Knowing that they are developing an opengl version of their engines (for mac os), I'm guessing porting it to linux will be trivial.
J. Leclanche
On Thu, May 6, 2010 at 3:07 AM, Ben Klein shacklein@gmail.com wrote:
On 6 May 2010 10:01, Evil Jay wine@eternaldusk.com wrote:
On 05/05/2010 02:34 PM, André Hentschel wrote:
Hi Folks, Steam seems to add a Linux client in the near future, so maybe Wine will not be needed anymore for that. or did i get something wrong? That might reduce our "market share" a bit as i guess that many Wineusers play steam games. On the other hand Intel presented its Z600, which is basically x86 but without IDE, SATA or a BIOS. Thats the reason that it cant run Windows. So Linux runs and so should Wine i guess. So we might see some mobil advantures in the near future?

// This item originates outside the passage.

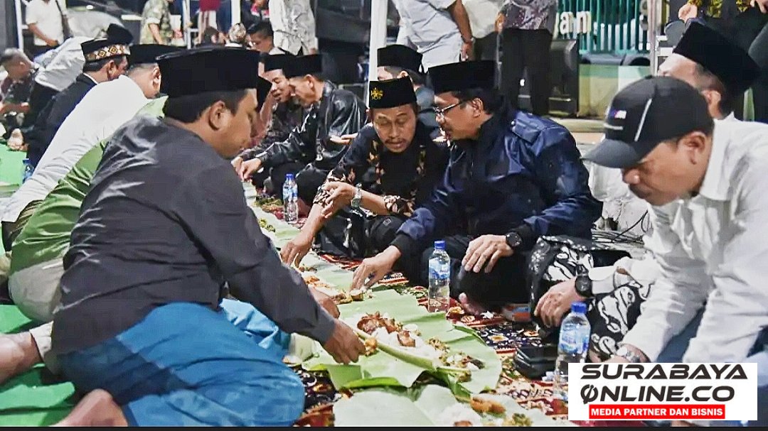 SURABAYAONLINE.CO, Sidoarjo – Menyambut malam pergantian Tahun Baru 2023, Bupati Sidoarjo Ahmad Muhdlor Ali merayakannya bersama ribuan warga dari lima desa di wilayah Kecamatan Tulangan. Selesai acara tasyakuran dan doa bersama selanjutnya makan bareng secara lesehan dengan beralaskan daun pisang.

I would not hold my breath waiting for that Steam client, there's still been no official announcement and it could just as well be something they just play around with as a side project for the next half decade.
Phoronix has been claiming Steam for Linux was imminent for 2 years... but for how many years did they (and even the developers) say that UT3 was right around the corner? A few 32-bit god-awfully incomplete binaries that can't even launch the actual GUI is not near enough to start me waiting in a virtual line.
To take the Devil's advocacy a step farther: For all we know, Steam for Linux is not even being actively developed; They may have started it with the Mac port and abandoned it as too resource intensive for the expected payoff. The few updates that we've seen (before the Linux build was pulled) may well be the result of of the automated package builder recompiling the Linux files due to changes in some shared upstream code (being changed for the benefit of the Mac or Windows client).
Now, personally I am hoping like crazy that Steam for Linux does materialize in the next year or two. But, if it does, it will hardly put a dent in Wine's use for gaming. Steam's not a game, so naturally we must assume that Valve will port the Source engine too, so that they will have some games to sell. That's great, but how many games in the AppDB are using the Source engine? How many games sold through Steam even use it, and will the non-Valve developers take the time to build Linux packages? Wine has plenty of gaming left in its future.
The other solution is they pull a Picasa/Google Earth manoeuvre and bundle Wine with Steam (or rely on Wine to play the games).